─── Excerpted data ───

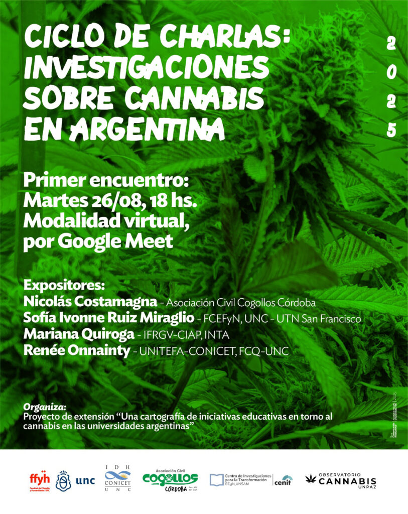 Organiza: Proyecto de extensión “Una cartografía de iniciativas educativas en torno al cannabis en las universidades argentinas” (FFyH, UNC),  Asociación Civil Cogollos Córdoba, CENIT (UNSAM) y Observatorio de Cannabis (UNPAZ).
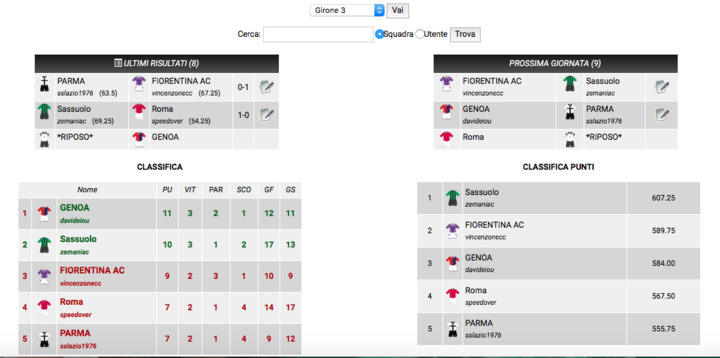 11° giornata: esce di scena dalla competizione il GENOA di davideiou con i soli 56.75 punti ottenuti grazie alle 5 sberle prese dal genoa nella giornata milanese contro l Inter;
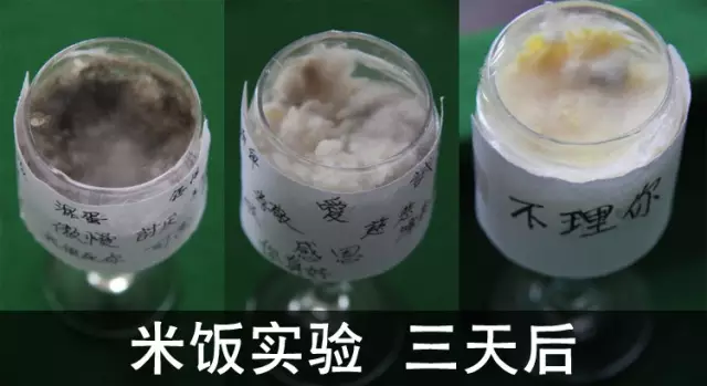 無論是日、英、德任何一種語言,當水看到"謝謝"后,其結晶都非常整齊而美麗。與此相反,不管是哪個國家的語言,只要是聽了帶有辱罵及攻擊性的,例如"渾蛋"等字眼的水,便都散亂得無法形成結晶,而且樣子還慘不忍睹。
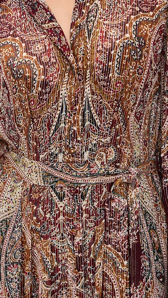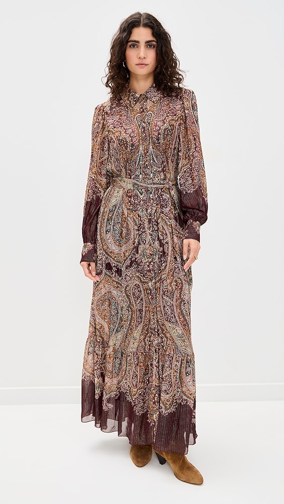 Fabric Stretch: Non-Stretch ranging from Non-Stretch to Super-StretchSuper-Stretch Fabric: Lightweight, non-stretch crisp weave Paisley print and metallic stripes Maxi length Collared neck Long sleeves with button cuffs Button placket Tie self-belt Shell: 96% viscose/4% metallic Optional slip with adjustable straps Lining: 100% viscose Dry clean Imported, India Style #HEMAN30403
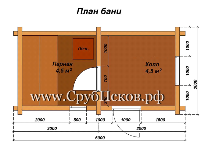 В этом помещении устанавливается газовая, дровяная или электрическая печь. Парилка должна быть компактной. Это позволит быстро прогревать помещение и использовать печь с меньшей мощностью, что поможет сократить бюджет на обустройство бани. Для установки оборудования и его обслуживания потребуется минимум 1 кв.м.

───
─── Excerpted data ───

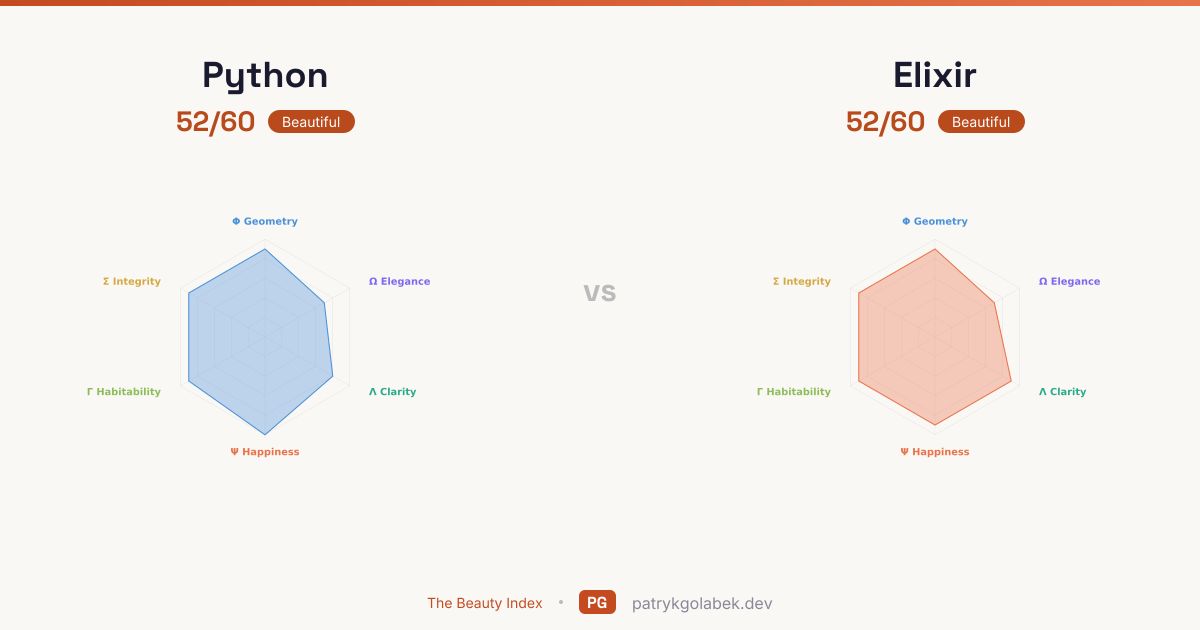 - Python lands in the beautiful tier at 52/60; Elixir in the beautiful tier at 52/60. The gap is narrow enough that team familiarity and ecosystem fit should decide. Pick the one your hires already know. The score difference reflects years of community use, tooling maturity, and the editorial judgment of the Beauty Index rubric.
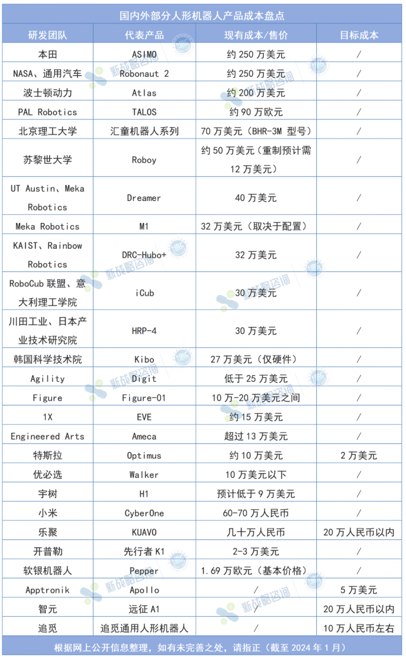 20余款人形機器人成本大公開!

───
─── Excerpted data ───

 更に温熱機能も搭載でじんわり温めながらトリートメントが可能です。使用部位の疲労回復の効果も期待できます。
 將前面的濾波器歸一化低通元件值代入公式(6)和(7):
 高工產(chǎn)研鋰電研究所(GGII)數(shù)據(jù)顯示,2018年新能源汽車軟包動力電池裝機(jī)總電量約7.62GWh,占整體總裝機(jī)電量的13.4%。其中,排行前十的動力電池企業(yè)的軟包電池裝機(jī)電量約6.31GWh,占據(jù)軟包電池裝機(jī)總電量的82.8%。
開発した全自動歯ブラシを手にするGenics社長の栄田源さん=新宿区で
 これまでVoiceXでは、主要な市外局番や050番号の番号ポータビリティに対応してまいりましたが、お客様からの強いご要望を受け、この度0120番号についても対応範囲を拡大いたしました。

───

Problem
Your reply is to be an exact repeat of the listing above from the line holding "Fabric Stretch: Non-Stretch" down to the line holding "В этом помещении", ends included, pictures excluded.

Solution to the exercise
 Fabric Stretch: Non-Stretch ranging from Non-Stretch to Super-StretchSuper-Stretch Fabric: Lightweight, non-stretch crisp weave Paisley print and metallic stripes Maxi length Collared neck Long sleeves with button cuffs Button placket Tie self-belt Shell: 96% viscose/4% metallic Optional slip with adjustable straps Lining: 100% viscose Dry clean Imported, India Style #HEMAN30403
 В этом помещении устанавливается газовая, дровяная или электрическая печь. Парилка должна быть компактной. Это позволит быстро прогревать помещение и использовать печь с меньшей мощностью, что поможет сократить бюджет на обустройство бани. Для установки оборудования и его обслуживания потребуется минимум 1 кв.м.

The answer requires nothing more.